FlowState is a behavioral beta-testing platform that helps product teams move from assumption-driven decisions to engagement-based decisions.

Instead of relying only on high-level analytics, FlowState simulates real user sessions in a controlled environment and captures detailed interaction data such as clicks, navigation paths, hover behavior, scrolling, and time spent across different sections.

This data is aggregated into a centralized dashboard that highlights key UX metrics like task completion rate, friction score, top-clicked features, and common user flows. With a single click, product managers can run AI-powered analysis to generate prioritized UX recommendations grounded in actual user behavior.

Our goal is simple: help teams identify friction points faster and make targeted interface improvements before users experience frustration.

Learn about our project here.


Inspiration

We were inspired by how difficult it is for product managers and designers to truly understand user behavior during the early stages of product development.

While tools like Google Analytics provide large amounts of data, they often lack the context needed to explain why users behave a certain way. Teams frequently rely on assumptions or intuition when making UI decisions, especially during beta testing when structured feedback is limited.

This led us to ask:

What if we could simulate real user tasks, capture behavior in detail, and directly translate that into actionable design recommendations?

That question became the foundation of FlowState.


What We Learned

Building FlowState taught us how to turn raw behavioral data into insights that product teams can actually use.

We learned which signals most accurately indicate user friction—such as hesitation, repeated actions, inefficient navigation paths, and extended session times. We also learned the importance of balancing data collection with simplicity: tracking too much creates noise, while tracking too little misses critical patterns.

Most importantly, integrating AI-driven recommendations showed us how analytics can evolve from passive reporting into active decision support for better product design.


How We Built It

We built FlowState as a full-stack behavioral analytics platform using React for the frontend, Express + SQLite for the backend, and Google Gemini for AI-powered UX analysis.

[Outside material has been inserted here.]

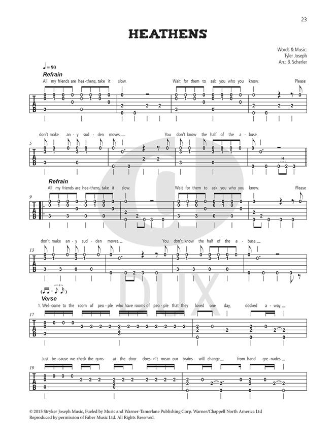 Rock for Classical Guitar” series. All eight songs are arranged for solo guitar and written in both musical notation and in tablature form. A lead sheet is also provided for each song with suggestions for strumming and picking. Demons (Imagine Dragons) · Heathens (Twenty One Pilots) · Hero (Family Of The Year) · Million Years Ago (Adele) · There'
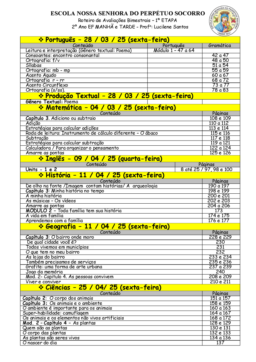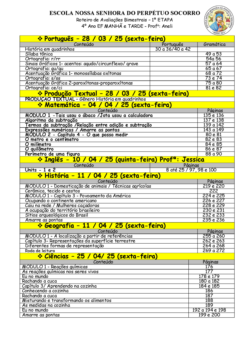 1º BIMESTRE | 2º BIMESTRE | 3º BIMESTRE | 4º BIMESTRE | |||||||||||

At the core is a custom feature-tracking system that captures real user interactions like clicks, hovers, scrolls, and navigation paths inside a realistic university portal demo. This interaction data is sent asynchronously to the backend, stored in SQLite, and submitted to a centralized analytics dashboard where product managers can review user behavior, task progress, and friction patterns across sessions.

On top of this, we built a friction scoring algorithm that detects signals of user struggle—such as repeated clicks, long idle time, backtracking, and slow task completion—and converts them into a simple 0–10 friction score.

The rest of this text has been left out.